Another case of backstratching is the project to launch Japanese tea cafes in the US. The Cool Japan Fund spent 250 million yen in April 2015 to acquire a nearly 50% stake in the venture, partnering with a group of Nagasaki-based businesses. This investment came about due to an outside director who has ties to Nagasaki and is an old friend of a central figure in the the group that wanted to launch the cafes. “We turned it down once amid doubts about their planning and management capabilities,” a former fund employee said. However, the project was later revived. Outside directors have a duty to make objective decisions about investments, which was not the case here. The outside director at the center of this project dodged inquiries from The Nikkei about his involvement in the deal.

The US cafe business opened its first location in the summer of 2016. But like the former fund employee warned, planning and management capabilities were an issue in the end. The cafe lacked the necessary license to let customers eat and drink inside, resulting in it becoming a take out business. Plans to open a second location have stalled. The project is also is having rent issues. The relationship between the Cool Japan Fund and the Nagasaki group has broken down, with the latter filing for arbitration in September to break up the joint investment.

There is also WakuWaku Japan, a project with broadcaster Sky Perfect JSAT. It’s a cable channel which broadcasts Japanese programs overseas. The Cool Japan Fund invested 4.4 billion yen, while Sky Perfect JSAT invested 6.6 billion yen. Multiple sources have called WakuWaku Japan a pet project of Cool Japan Fund Chairman Kazunobu Iijima, an outside director at the broadcaster’s parent company, Sky Perfect JSAT Holdings.

WakuWaku Japan has also flopped, failing at its goal of reviving interest in Japanese television programming overseas. The channel can currently be seen in eight markets.
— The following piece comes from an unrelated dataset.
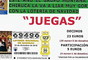 Ya esta a vuestra disposición nuestra Lotería de Navidad , participaciones a 5 euros mas 1 de donativo y decimos a 20 euros mas 3 de donativo, destinados a paliar nuestros gastos de las diferentes actividades que realizamos este 2018LOS ESTABLECIMIENTOS DONDE SE PUEDE ADQUIRIR A LOS QUE LES AGRADECEMOS SU COLABORACIÓN DESINTERESADAMENTE SON LOS SIGUIENTES:NOVELLANA: Droguería RíosVALDREDO: Bar CofreOVIÑANA: Restaurante El Café Cai Milio La TiendinaSOTO DE LUIÑA: Tejidos y confecciones Casa Emilio Estanco SotoSAN MARTÍN DE LUIÑA: Bar Café San Martín Mesón asador Casa EduardoLAMUÑO: Bar CendanTambién la podéis conseguir en los miembros de la junta directiva de nuestro grupo y en las diferentes salidas y actividades que realizamos."MUCHAS GRACIAS POR VUESTRA COLABORACIÓN Y MUCHA SUERTE"

Viewership is lackluster, with the channel reporting net losses totaling nearly 4 billion yen over the last two fiscal years, leading to the possibility of write-downs. Despite this lack of success, WakuWaku Japan put forth an ambitious plans to expand into 22 markets by the fiscal year 2020, rather than focusing on already existing markets where there are likely to see growth.
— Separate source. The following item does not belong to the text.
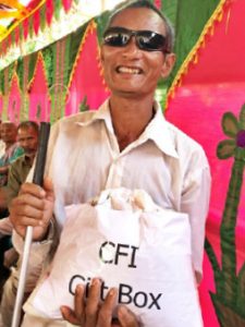 Christian Freedom International’s leader in Bangladesh seeks out people who are disabled and provides clothes, shelter, medicines, and legal aid. Each year we throw parties on “White Cane Day” to honor people who happen to be blind. They receive bags lovingly filled with food by our pastors and a special gift of a white cane – a tool that is crucial for their mobility and safety – and hear the good news of Jesus.

Contrary to the examples above, the Cool Japan Fund maintains that its decision making process is fair and neutral. They say that they give executives with conflicts of interest no say in final decisions on investments that could benefit them. However, there are no such safeguards for the rest of the process. The Cool Japan Fund lacks the sophisticated strategy and disciplined approach to promote Japanese culture abroad. What they are doing now is simply squandering the money of Japan’s taxpayers.
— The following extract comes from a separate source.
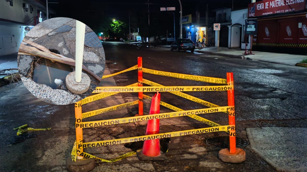 Cabe destacar que el socavón ya fue delimitado, señalizado y se colocarán mechones para evitar que algún vehículo caiga.
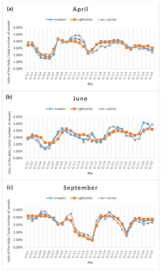 For Chinese fishing vessels (Figure 18), we found that in April and September, the change trend in the daily number was quite consistent for the trawlers, gillnetters and seiners, while there was a slight difference in June. The Chinese vessels showed little weekly variation but were influenced by traditional Chinese festivals. In China in 5 April 2018 was Tomb Sweeping Day (the holiday period was from 5 to 7 April), and 18 June was the Dragon Boat Festival (the holiday time was from 16 to 18 June), and 24 September was the Mid-Autumn Festival (the holiday time was from 22 to 24 September). We counted the proportion of the average fishing vessels per day in the total number of the month during the holiday, and for three days before and after the holiday. It can be seen from the statistics that the number of all three types decreased very significantly during the festivals, as detailed in Table 9. Interestingly, from Figure 18 we found that the number of fishing vessels was lower during the festival and the day before and after the festival, which did not correspond to the legal three-day holiday. For example, during the Tomb Sweeping Day in April, the number of fishing vessels was low from April 4 to April 6, but the number on April 7 showed a significant increase, although it was still within the legal holiday. Meanwhile, the number of fishing vessels rose to a small peak before the holiday, and then began to show a significant downward trend. This showed that, owing to the increased demand for fish during the holiday, fishermen increased their working hours before the holidays to increase their catches and returned to the port for their vacation when the festivals were approaching.

As has been suggested multipe times by multiple people, Cool Japan should take notes from South Korea’s Hallyu, which has been successful at spreading Korean culture overseas. Hallyu is government funded and is the catalyst behind the creation of the Cool Japan initiative. South Korea’s television programming exports exceeded Japan’s by more than 30% in 2015. Product placement in Korean dramas has boosted Asian sales of South Korean goods ranging from cosmetics to home appliances.